This investigation led to new discoveries about recombination rate tendencies in respective gene groups. Regarding groups of genes expressed in tissues, genes specifically expressed in the frontal lobe, thymus, testis, fetal brain, many tissues and thyroid tended to have extremely low recombination rates, whereas genes in the brain cerebellum, stomach, lung, bone marrow and brain whole had higher rates. In addition, rates within genes tended to decrease according to the number of tissues in which the genes were expressed. The integrated classification revealed that GO groups with low rate tendencies often involved genes necessary for intracellular vital activities, including metabolism and transcription, whereas groups with a high rate tendency involved genes that play a role in intercellular transmission of information. The classification also revealed the existence of subgroups whose rate tendencies differed greatly from groups classified by only one attribute. For example, even when genes belonged to the same GO group primary metabolism, the tendencies varied greatly depending on the tissues in which the genes were expressed.

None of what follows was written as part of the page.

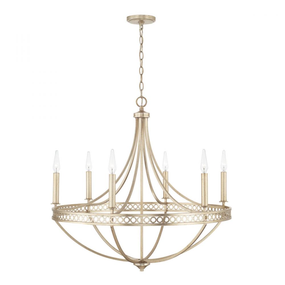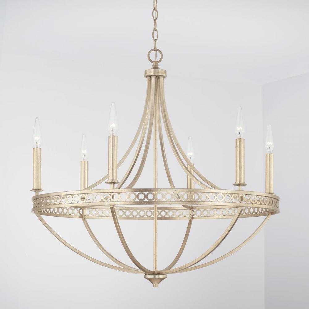 Graceful curves and an ornate pattern create the Isabella 6-Light Chandelier. The intricate band of circles is finished in Winter Gold for a relaxed, yet regal style.

One interesting question here is why these rate tendencies differed according to these gene groups. Particularly, of remarkable interest is why frontal lobe-specific and fetal brain-specific genes had low rate tendencies but brain cerebellum-specific and brain whole-specific genes had the opposite, even though they are all brain tissues. Although many factors (e.g. mutation, genetic drift, natural selection and demographic events) can influence the extent of LD (7,15) and can also influence observed recombination rates (via their inverse correlation, generally), the LD study (13) based on GO groups pointed out the effect of natural selection on the formation of different LD tendencies among the groups. Those authors suggested that the reason for the low LD observed in immune genes is that greater haplotype diversity reduces the chance that a single pathogen might sweep through the population (13). They also suggested that the reason for the high LD observed in DNA damage and metabolism genes is that such genes are involved in fundamental biological processes that evolve slowly, and that allelic diversity in the genes could disrupt finely tuned processes (13).
Thus, we think that our observations related to GO groups can be explained by the effect of natural selection. The low recombination rates (corresponding to high LD, generally) in genes for the metabolism of intracellular activities, which we observed here, may be accounted for by the intolerance of disrupting finely tuned processes. However, attention should be paid to another observation that genes for the transcription of intracellular activities had low recombination rates. This is because a comparison of protein-coding regions between human and chimpanzee at least shows a sign of positive selection in genes related to transcription (22), and because it is possible that high LD or observed low recombination rates are caused by positively selected haplotypes with advantageous alleles (7,9,23). Hence, the low rates of transcription genes may be explained by recent positive selection in these genes, though we do not deny the possibility of the intolerance of deleterious change. Regarding the high recombination rates in genes for the intercellular information transmission, the tendency may be explained by greater haplotype diversity for coping with a variety of environments and circumstances that a population encounters.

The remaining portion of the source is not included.